Bolling and Weston agreed to give Hayward a one-month show. It was a success. Hayward made twice as much in those three months as he had in the previous year. He stopped his work as a contractor and spent all of his time in his studio. He thought he’d made it.

But a storm of a different kind was about to hit. The housing bubble burst in 2008, marking the beginning of the Great Recession. Hayward wouldn’t sell another painting for two years. But he never gave up.

An Evolving Market

Before the Great Recession, the art market was hot. Artists of all types earned money in that environment, regardless of their medium or skill level, said David Smith, executive director of the Miller Gallery in Hyde Park.

The economic downturn resulted in artistic natural selection.

“In 2008 and 2009, I didn’t sell a darn painting,” Hayward said. “But I kept producing. I think there are some artists out there who like to dabble and semi-dedicate themselves to it, but they stopped because there wasn’t any income in it anymore.”

Art is an investment, and quality is what makes believers out of investors. That’s why Smith believes in Hayward. The Miller Gallery’s collection includes four of Hayward’s paintings, and Smith holds up Hayward as a master colorist.

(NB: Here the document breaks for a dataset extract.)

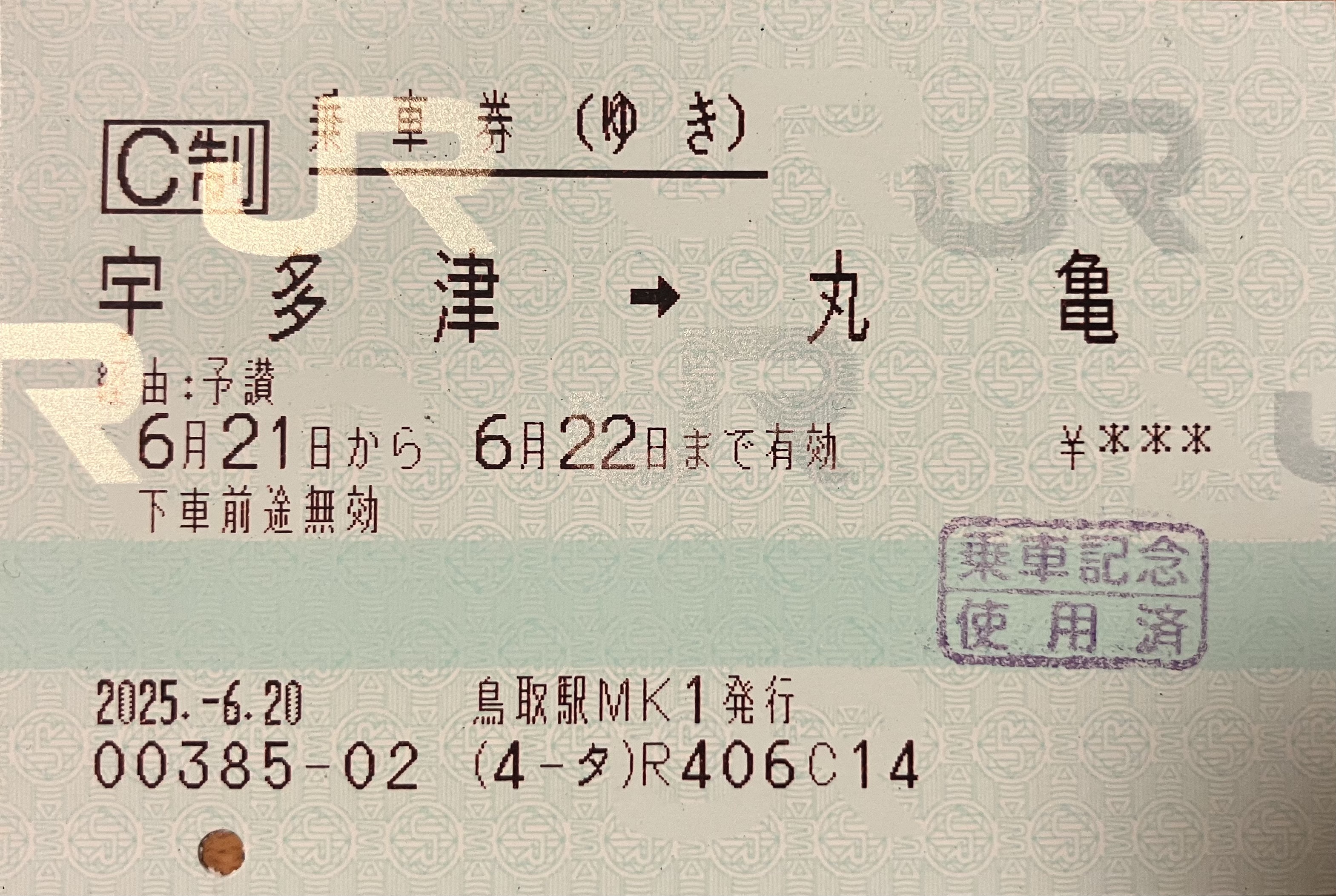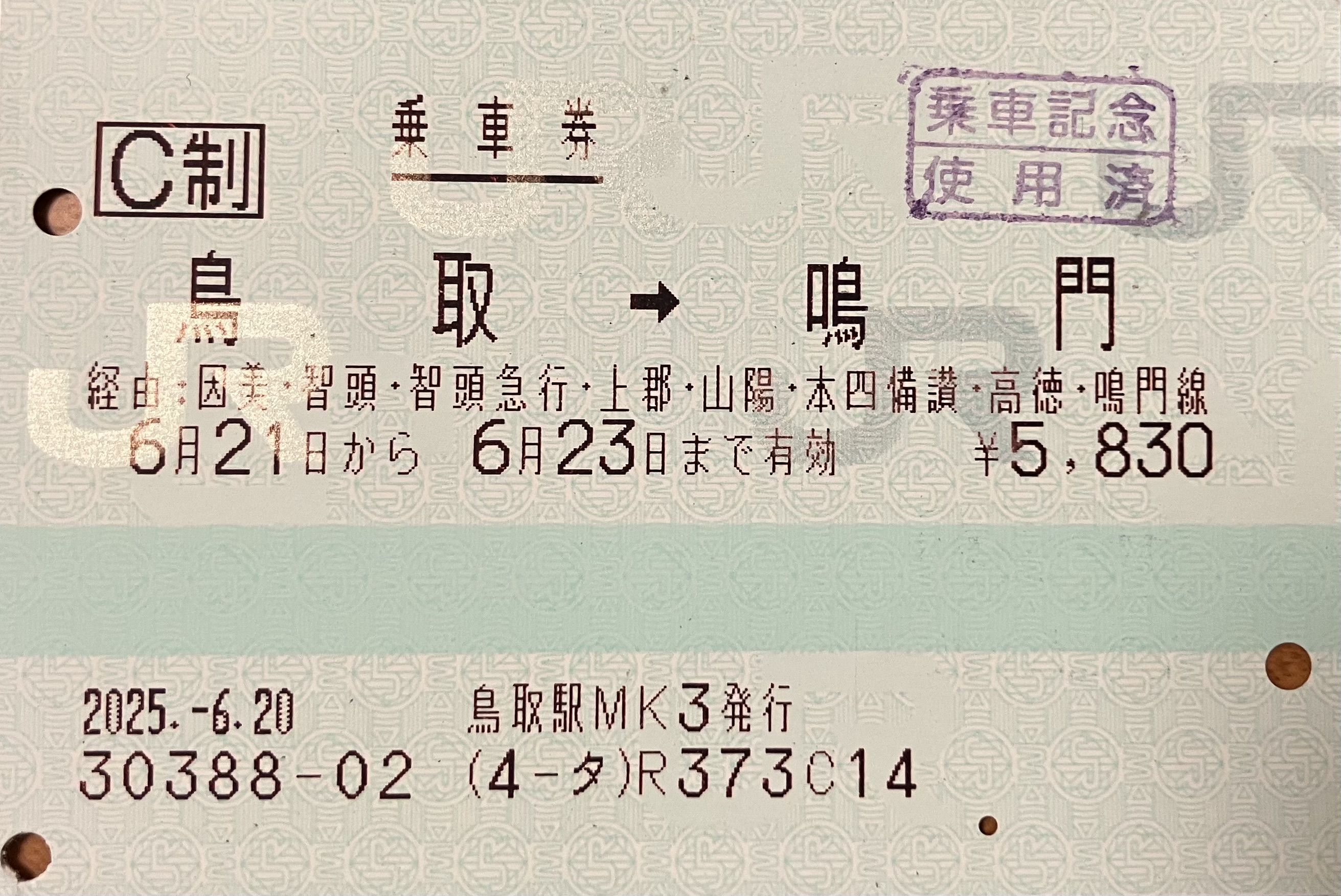 令和7年6月21日 因美線・智頭急行・山陽本線・本四備讃線・予讃線・高徳線・鳴門線経由乗車券 鳥取->鳴門

“What I’m seeing now is collectors having a more discerning eye and paying more attention to quality,” Smith said. “Technique is an important part of the puzzle.”

And Hayward isn’t about to give up.

The Arcadian Mist, 24 x 18.

For seven months after the birth of his first son, Hayward was focused on the new challenges that come with fatherhood. But now he’s back at the canvas, and the goal remains the same: To make art his full-time job. And to end the contracting work he also does.

“I try not to take life too seriously, but am respectful of its nuances, of hardship,” Hayward said. “Through perseverance, I believe that you can find your path, no matter what you do.”